Short version of this, is that my Dad died earlier this year and it turns out his estate is a mess and he has, in fact, left his wife (not my M) homeless. (It is a different country so inheritance arrangements are wildly different). Not only that, he failed to have any conversation with me about what I needed to do to sort out his affairs in the UK. And as his only child, I am now lumbered with some increasingly convoluted legal processes across two continents for a woman I barely know but can't leave her without a roof over her head in her 70s. Dad had Parkinson's and has had plenty of time to speak to me and get it sorted.
M - ongoing issues with very complex conditions including dementia, personality disorder and ongoing mental health issues. Has also, in this case deliberately, left her affairs in an absolute mess. This time out of spite, even telling her neighbours and friends she was doing this. She is now in a nursing home and deeply unhappy about it. But what should be a simple handover to the authorities to sort seems to be an ongoing issue, caught up in all sorts of legal wranglings which I can't go into details about.

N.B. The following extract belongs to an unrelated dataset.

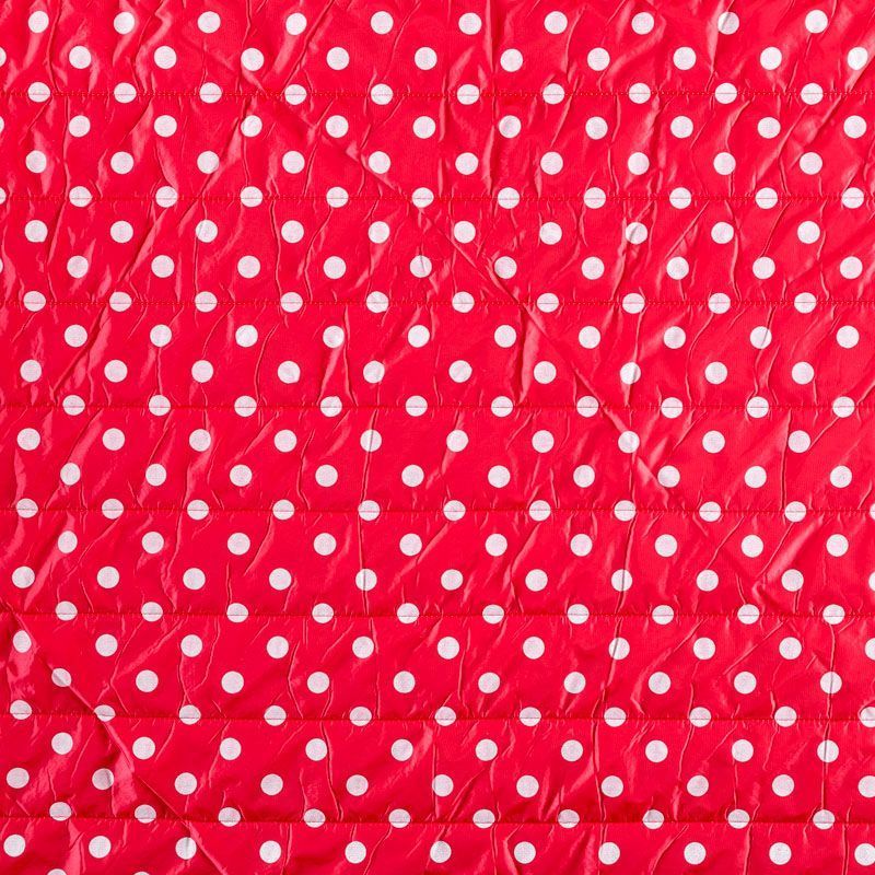 Двухслойная курточная ткань красного оттенка в белый горох, простеганная вертикальными линиями вдоль кромки. Нижний слой - синтепон, верхний - полиэстер, по качеству напоминает болонь. Очень мягкая и легкая, пластичная, хорошо драпируется. Прекрасно подойдет для пошива легких пальто, курток, жилетов, накидок-кейпов, объемных сумок.

I honestly am so disappointed, stressed and fed up. Neither parent was great - often downright awful. But essentially both very selfish. I left them to it when I was 18, dipping in and out when I chose to. But now I can't seem to escape it as the whole "Next of Kin" thing has kicked in, despite never wanting to be it, and I have the horrendous luck of sorting out their messes... yet again.
Please tell me that this will eventually pass, if all I do is keep putting one foot in front of the other? Or share your stories of leaving it all the f**k alone so I can work out whether just walking away is really an option?